[ABOUT THIS TASK] Copy the lines below, please, starting with the one that contains "关于关于尊重的名人名言警句,尊重的名言警" and ending with the last. Pictures stay out.

[INFORMATION PROVIDED]
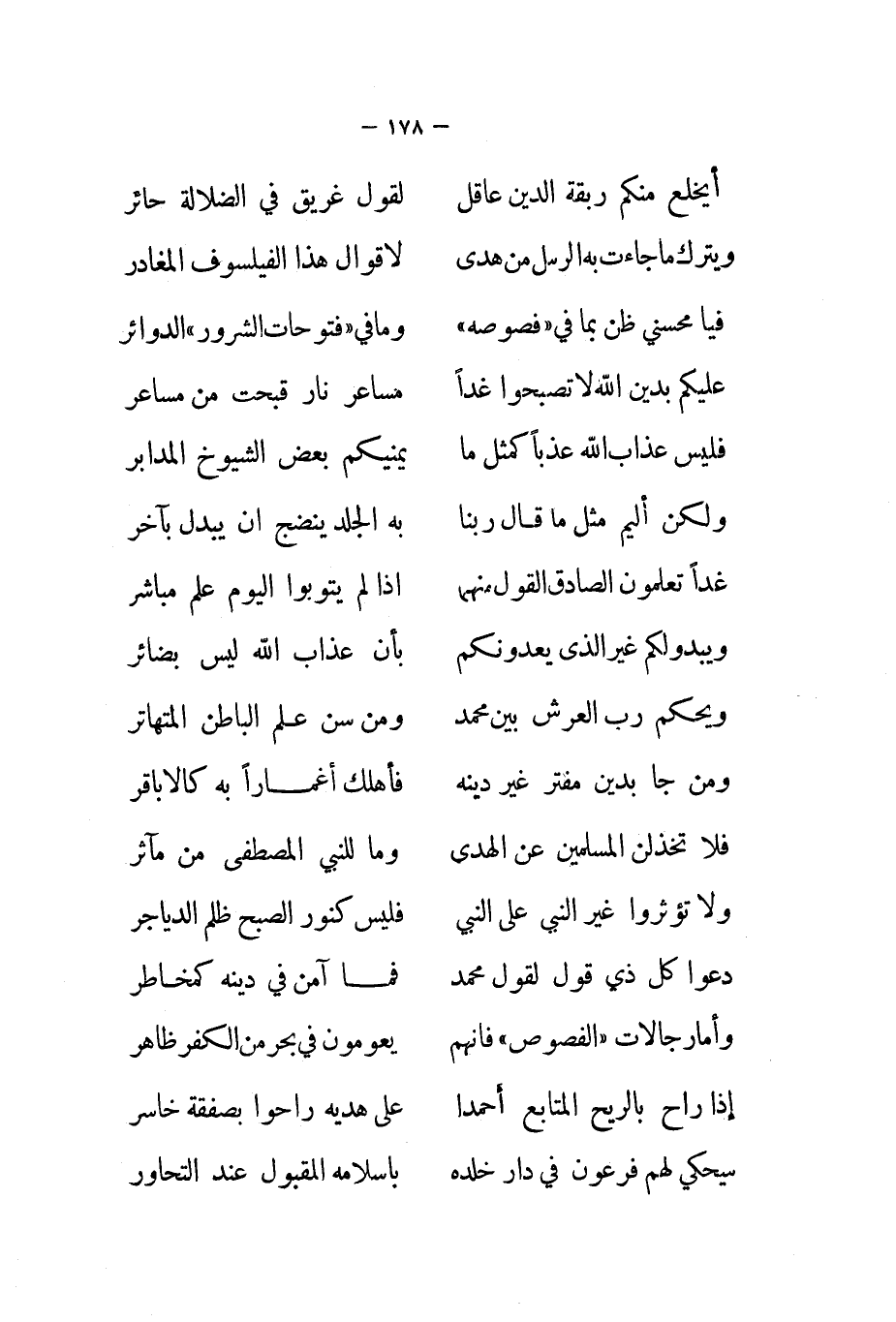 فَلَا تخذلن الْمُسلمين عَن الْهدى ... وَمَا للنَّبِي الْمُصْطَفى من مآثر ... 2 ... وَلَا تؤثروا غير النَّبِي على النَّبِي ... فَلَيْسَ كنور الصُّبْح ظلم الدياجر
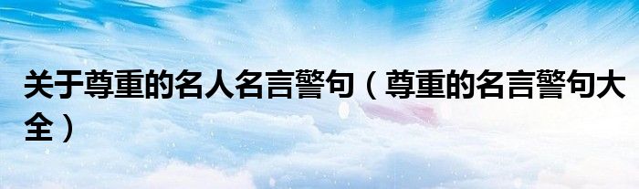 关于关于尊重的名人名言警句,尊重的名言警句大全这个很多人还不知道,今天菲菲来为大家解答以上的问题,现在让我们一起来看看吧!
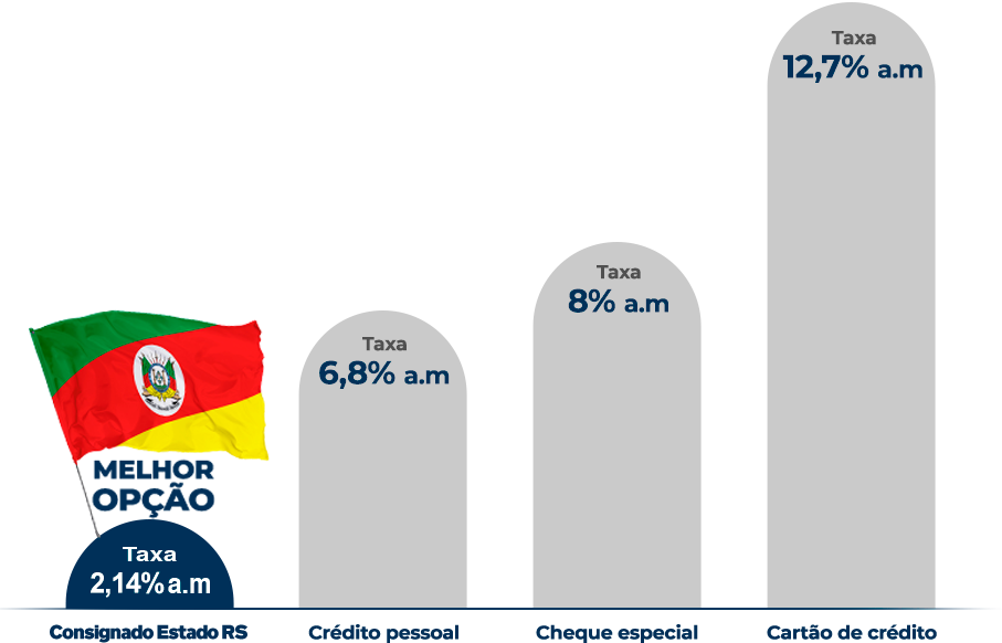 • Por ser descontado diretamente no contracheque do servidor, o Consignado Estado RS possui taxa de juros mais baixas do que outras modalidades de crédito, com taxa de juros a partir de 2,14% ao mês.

[WRITTEN RESPONSE]
 关于关于尊重的名人名言警句,尊重的名言警句大全这个很多人还不知道,今天菲菲来为大家解答以上的问题,现在让我们一起来看看吧!
 • Por ser descontado diretamente no contracheque do servidor, o Consignado Estado RS possui taxa de juros mais baixas do que outras modalidades de crédito, com taxa de juros a partir de 2,14% ao mês.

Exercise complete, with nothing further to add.